O’Brien’s destiny in the end of the novel is not cleared up. He may continue the service at the Thought Police chasing the thought criminals.

Big Brother. Big Brother is a dark-eyed man with mustaches; his appearance resembles to the one of Stalin. He is the head of The Party who rule Oceania (territory of North and South America, Australia, the Oceanic Isles and the British Isles). He must have been an abstract person who was created by The Party as a symbol of power and a chief of the people. Maybe he existed, but had died long time ago. Nobody has seen him alive making a speech.

From the very young age people bring their children to love Big Brother and to be engaged in the work of the Party in his honor. They are signed up in the Junior Antisex Union, taught to spy on their relatives and neighbors with the elementary methods of espionage to reveal the strange behavior of thought criminals.

All the characters not from the Inner-Party are afraid of the image of Big Brother that is placed all over the city in any street. Even when Winston and Julia had been caught, they couldn’t move a muscle to run away from the Thought Police – that was a result of daily psychological influence through the mass media.

Emmanuel Goldstein. Goldstein is considered to be the number one Oceania’s enemy. Once he was one of the leaders of the Revolution, even fought shoulder to shoulder with Big Brother, but later, according to the Party propaganda, he betrayed it and escaped from the state. He is a national symbolic enemy who ideologically unites the people of Oceania with the Party, especially during the Two Minutes Hate when people are obliged to shout at the image of Goldstein wishing him torture and death.
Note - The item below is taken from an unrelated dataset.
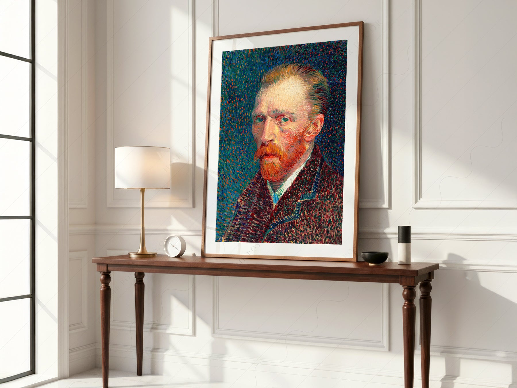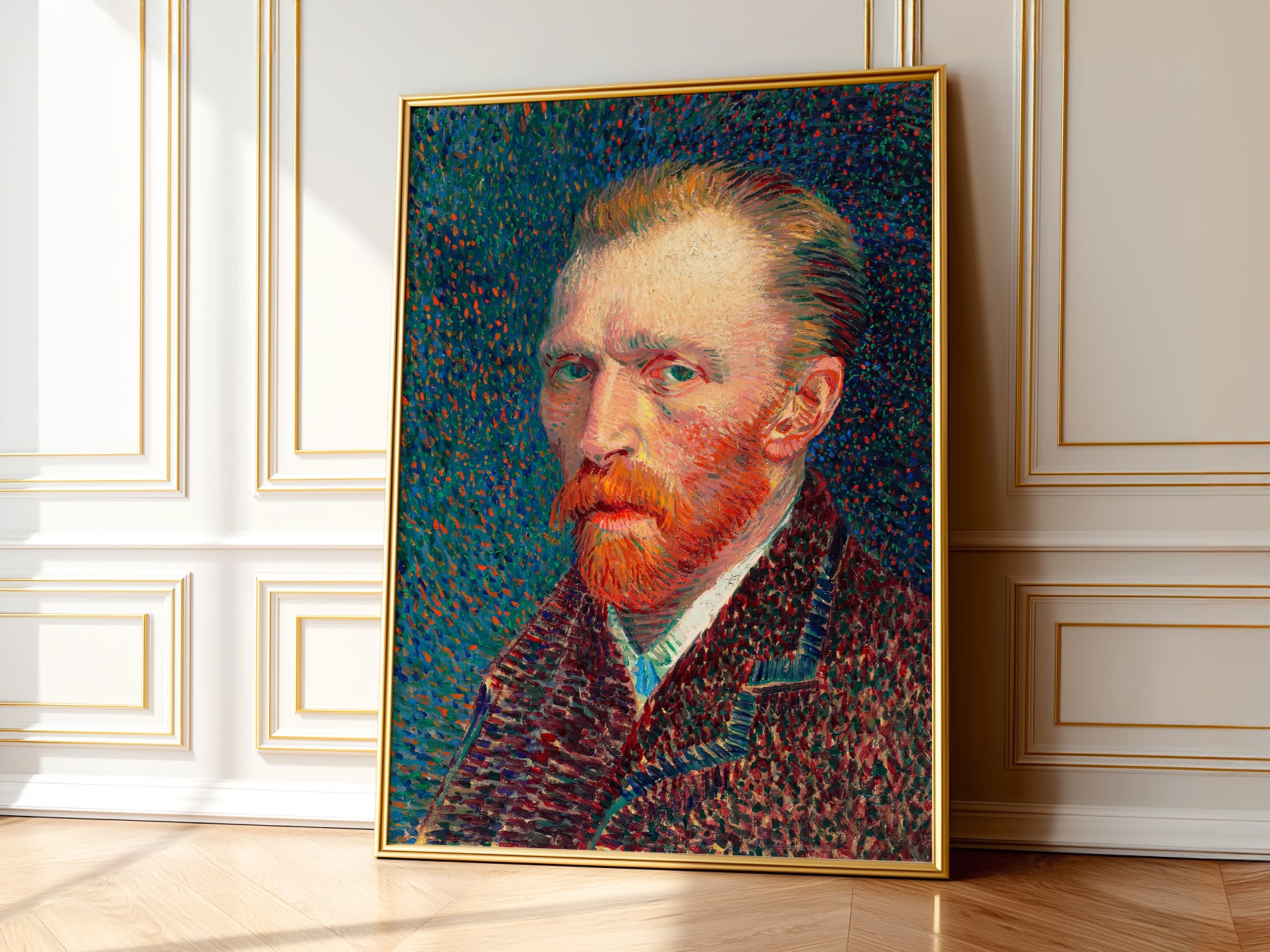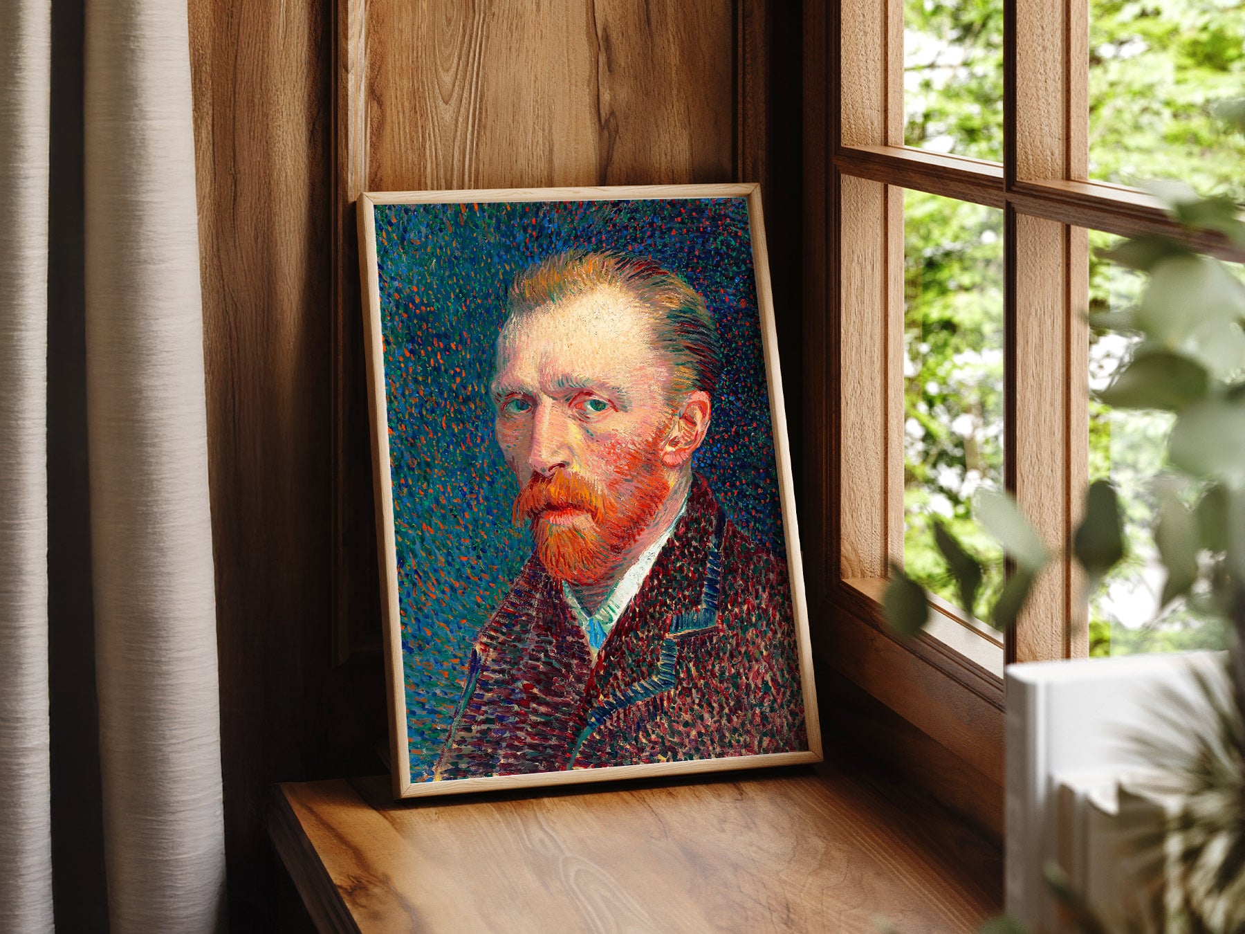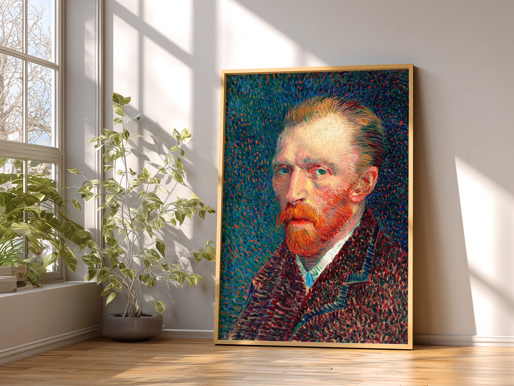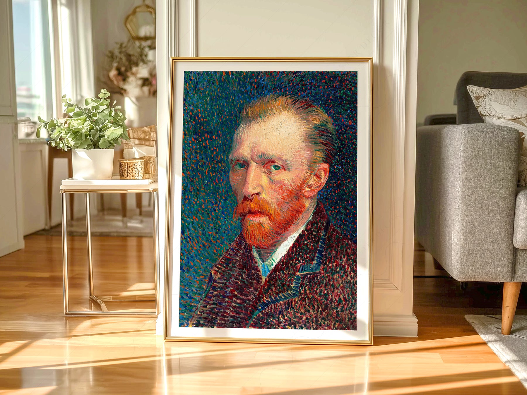 Vincent van Gogh's self-portraits are windows into his inner world, a powerful and introspective journey, offering viewers a glimpse into the mind of a tormented genius whose creative spirit continues to inspire and captivate the world. This high-quality print is one of our exquisite Van Gogh self-portraits that showcases intense greens, oranges, reds and blues brushstrokes.

He is reputed a founder of the Brotherhood which purpose was to fight against the Party system. He is the author of The Book, the one and only code of rules of the organization, but according to the words of O’Brien, it was a fabrication of the Party itself for the purpose of snaring a trap for criminals.

Winston thinks Goldstein is his secret thoughts rescuer, and hopes that he really exists. He dreams of finding him and telling all the things that have been in his mind for a long time. But the ideology of the Party forces him to hate him, and sometimes he goes mad from contradictory feelings of hatred and hope at the same time.

In the end of the novel Goldstein doesn’t appear, and it seems that we’ll never know whether his identity was real or not.